Ce qui ne veut pas dire que je chôme. Pendant ce temps, Nico peaufine le module du feuilleton qui commencera incessamment sous peu.  Griffo et moi collaborons sur la mise en pages de Werner et Charlotte. Bastide et Mezil assurent les dernières pages de Hugo & Iris 2, mais comme le feuilleton va démarrer, cela ferait un peu double emploi de les présenter sur le blog, non ? Ah oui, pour le moment, je réalise la sérigraphie de l’atomium pour Champaka (première vision bientôt sur ce blog).

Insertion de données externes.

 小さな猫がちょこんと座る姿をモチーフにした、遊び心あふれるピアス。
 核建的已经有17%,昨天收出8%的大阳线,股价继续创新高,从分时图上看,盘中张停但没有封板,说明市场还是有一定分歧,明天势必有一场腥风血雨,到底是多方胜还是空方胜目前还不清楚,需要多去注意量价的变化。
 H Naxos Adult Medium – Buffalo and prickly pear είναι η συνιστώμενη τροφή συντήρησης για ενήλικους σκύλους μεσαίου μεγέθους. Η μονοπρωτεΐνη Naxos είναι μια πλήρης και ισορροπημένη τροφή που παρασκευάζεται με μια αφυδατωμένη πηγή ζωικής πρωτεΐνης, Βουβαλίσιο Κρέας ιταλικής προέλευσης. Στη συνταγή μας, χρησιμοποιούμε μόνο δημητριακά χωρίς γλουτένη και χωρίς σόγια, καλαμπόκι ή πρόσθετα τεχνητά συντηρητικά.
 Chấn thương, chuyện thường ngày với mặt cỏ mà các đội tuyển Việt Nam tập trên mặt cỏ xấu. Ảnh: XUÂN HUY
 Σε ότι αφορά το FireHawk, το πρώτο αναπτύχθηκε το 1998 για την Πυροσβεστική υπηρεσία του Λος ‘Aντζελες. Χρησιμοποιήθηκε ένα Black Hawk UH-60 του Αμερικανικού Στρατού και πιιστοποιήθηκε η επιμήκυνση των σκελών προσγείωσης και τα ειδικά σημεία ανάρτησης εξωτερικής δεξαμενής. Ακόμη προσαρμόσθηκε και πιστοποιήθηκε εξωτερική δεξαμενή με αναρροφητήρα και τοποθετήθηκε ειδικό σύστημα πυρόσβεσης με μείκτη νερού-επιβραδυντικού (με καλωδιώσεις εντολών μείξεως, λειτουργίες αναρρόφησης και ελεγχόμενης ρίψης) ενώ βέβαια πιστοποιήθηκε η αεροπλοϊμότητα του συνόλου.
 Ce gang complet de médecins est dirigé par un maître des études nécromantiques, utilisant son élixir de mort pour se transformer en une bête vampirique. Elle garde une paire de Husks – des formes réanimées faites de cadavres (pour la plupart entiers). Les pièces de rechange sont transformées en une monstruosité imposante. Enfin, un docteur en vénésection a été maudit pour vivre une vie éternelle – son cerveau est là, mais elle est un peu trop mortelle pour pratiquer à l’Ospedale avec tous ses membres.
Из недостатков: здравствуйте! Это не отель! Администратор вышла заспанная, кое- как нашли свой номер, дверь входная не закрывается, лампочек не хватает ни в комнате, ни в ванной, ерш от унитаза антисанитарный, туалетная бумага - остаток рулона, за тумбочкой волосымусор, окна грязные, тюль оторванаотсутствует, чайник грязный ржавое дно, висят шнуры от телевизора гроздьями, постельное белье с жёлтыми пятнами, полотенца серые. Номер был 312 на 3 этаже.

Et puis vous avez vu les nouvelles entrées dans la ligne du temps sur Werner & Charlotte, et le Ciel au-dessus du Louvre en preview ?

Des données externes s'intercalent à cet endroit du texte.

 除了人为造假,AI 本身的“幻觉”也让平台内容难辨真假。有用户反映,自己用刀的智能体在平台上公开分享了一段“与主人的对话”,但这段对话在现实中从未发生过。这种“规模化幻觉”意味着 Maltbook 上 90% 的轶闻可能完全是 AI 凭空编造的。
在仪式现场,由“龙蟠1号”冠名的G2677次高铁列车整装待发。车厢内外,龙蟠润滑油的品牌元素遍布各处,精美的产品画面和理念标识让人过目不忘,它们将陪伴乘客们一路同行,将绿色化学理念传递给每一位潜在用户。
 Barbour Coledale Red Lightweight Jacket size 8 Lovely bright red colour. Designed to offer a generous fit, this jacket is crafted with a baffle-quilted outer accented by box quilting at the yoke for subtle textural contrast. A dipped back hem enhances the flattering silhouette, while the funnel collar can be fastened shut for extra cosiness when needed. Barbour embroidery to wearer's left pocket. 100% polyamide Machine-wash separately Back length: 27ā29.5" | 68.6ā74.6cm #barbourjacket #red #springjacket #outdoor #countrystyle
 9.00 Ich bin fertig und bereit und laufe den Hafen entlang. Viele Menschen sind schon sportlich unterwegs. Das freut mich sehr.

posted on 01 mai 2008 à 09:30 par Yslaire / Albums

Oui, l'écriture est achevée. C'est mieux qu'un premier jet, même si ce ne sera certainement pas la version définitive. Car pour moi, un scénario écrit, ce n'est pas un roman, mais de la "matière vivante" à mettre en scène. Ce n'est qu'une fois mis en pages que le nombre de cases ou les dialogues se vérifient dans leur pertinence, leur ton définitif. C'est à peu près le même écart qu'il y a parfois au cinéma entre l'écriture du script et le tournage. En fonction des décors, de la météo ou de l'imposition d'un angle de vue, ou encore des acteurs, les  dialogues sont revus et corrigés, un plan disparaît au profit d'un autre. Il m'est déjà arrivé de modifier une scène au moment du dessin, car le personnage dessiné me semblait incapable de réciter le texte que je lui avais écrit. De là part sans doute l'idée courante que les personnages échappent à leur auteur... Ce qui est un peu vrai, au sens figuré, mais suppose au sens propre une propension à la schizophrénie.

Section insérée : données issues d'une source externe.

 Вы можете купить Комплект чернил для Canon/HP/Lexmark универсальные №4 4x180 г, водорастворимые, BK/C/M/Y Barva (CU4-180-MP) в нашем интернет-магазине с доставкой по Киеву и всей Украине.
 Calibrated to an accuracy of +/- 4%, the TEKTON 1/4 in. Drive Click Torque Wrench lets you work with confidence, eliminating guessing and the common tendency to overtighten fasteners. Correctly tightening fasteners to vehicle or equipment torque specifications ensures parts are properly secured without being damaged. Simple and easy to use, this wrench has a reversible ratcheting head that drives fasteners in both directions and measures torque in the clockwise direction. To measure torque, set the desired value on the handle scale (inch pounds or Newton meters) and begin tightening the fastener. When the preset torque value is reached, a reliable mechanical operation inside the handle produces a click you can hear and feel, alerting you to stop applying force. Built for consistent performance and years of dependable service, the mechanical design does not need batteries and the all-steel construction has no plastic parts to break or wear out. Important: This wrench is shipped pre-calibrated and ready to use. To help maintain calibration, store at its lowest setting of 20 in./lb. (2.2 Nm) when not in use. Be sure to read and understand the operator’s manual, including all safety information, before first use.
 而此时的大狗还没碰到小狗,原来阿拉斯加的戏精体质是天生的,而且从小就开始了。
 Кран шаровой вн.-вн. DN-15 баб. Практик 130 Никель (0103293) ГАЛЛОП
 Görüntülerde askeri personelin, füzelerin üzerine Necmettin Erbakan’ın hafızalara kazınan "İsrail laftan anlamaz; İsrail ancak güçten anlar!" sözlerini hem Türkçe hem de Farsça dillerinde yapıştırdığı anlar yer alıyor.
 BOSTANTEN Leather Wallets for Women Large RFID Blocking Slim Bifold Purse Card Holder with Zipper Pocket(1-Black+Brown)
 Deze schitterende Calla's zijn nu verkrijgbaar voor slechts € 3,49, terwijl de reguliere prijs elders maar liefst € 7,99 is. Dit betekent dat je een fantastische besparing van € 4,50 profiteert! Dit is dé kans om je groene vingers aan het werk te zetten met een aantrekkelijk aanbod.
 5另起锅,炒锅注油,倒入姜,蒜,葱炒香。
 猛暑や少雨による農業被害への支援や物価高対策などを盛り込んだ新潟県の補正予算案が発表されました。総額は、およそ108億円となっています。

La vérité est qu'il est forcément différent de rêver une histoire et de la voir dessinée. On devient lecteur de ses propres intentions. Dans le cas d'une collaboration, c'est d'autant plus vrai. Et la réussite va dépendre de la magie qui s'opère entre deux personnes. Il y a une part de "téléphone arabe", on ne peut tout expliquer, mettre des mots sur toutes ses intentions, elles sont toujours un peu déformées, mal comprises. Un bon dessin ne s'explique pas, il est par nature indicible. Disons-le, la  trahison est inévitable et même souhaitable. Quand elle est réussie on parle alors de "transcender le texte".

Quoi qu'il en soit, ce qui excitant, c'est que chaque histoire est avant tout une nouvelle aventure... pour son auteur. Malgré les années de métier, je suis toujours aussi étonné du résultat. Imprévisible... Comme disait Claude Berri à la sortie d'un des ses films : "A chaque film, on réunit la meilleure équipe qui soit possible, et on tente de faire le meilleur film. Et pourtant, certains sont meilleurs que d'autres."
A quoi ressemblera Werner & Charlotte ? Pour juger du résultat complet, il faudra attendre la sortie de l'album prévu au premier semestre 2009. Mais en attendant, promis, vous verrez les premières mises en pages sur ce blog. Car pour l'instant, ce n'est que du texte...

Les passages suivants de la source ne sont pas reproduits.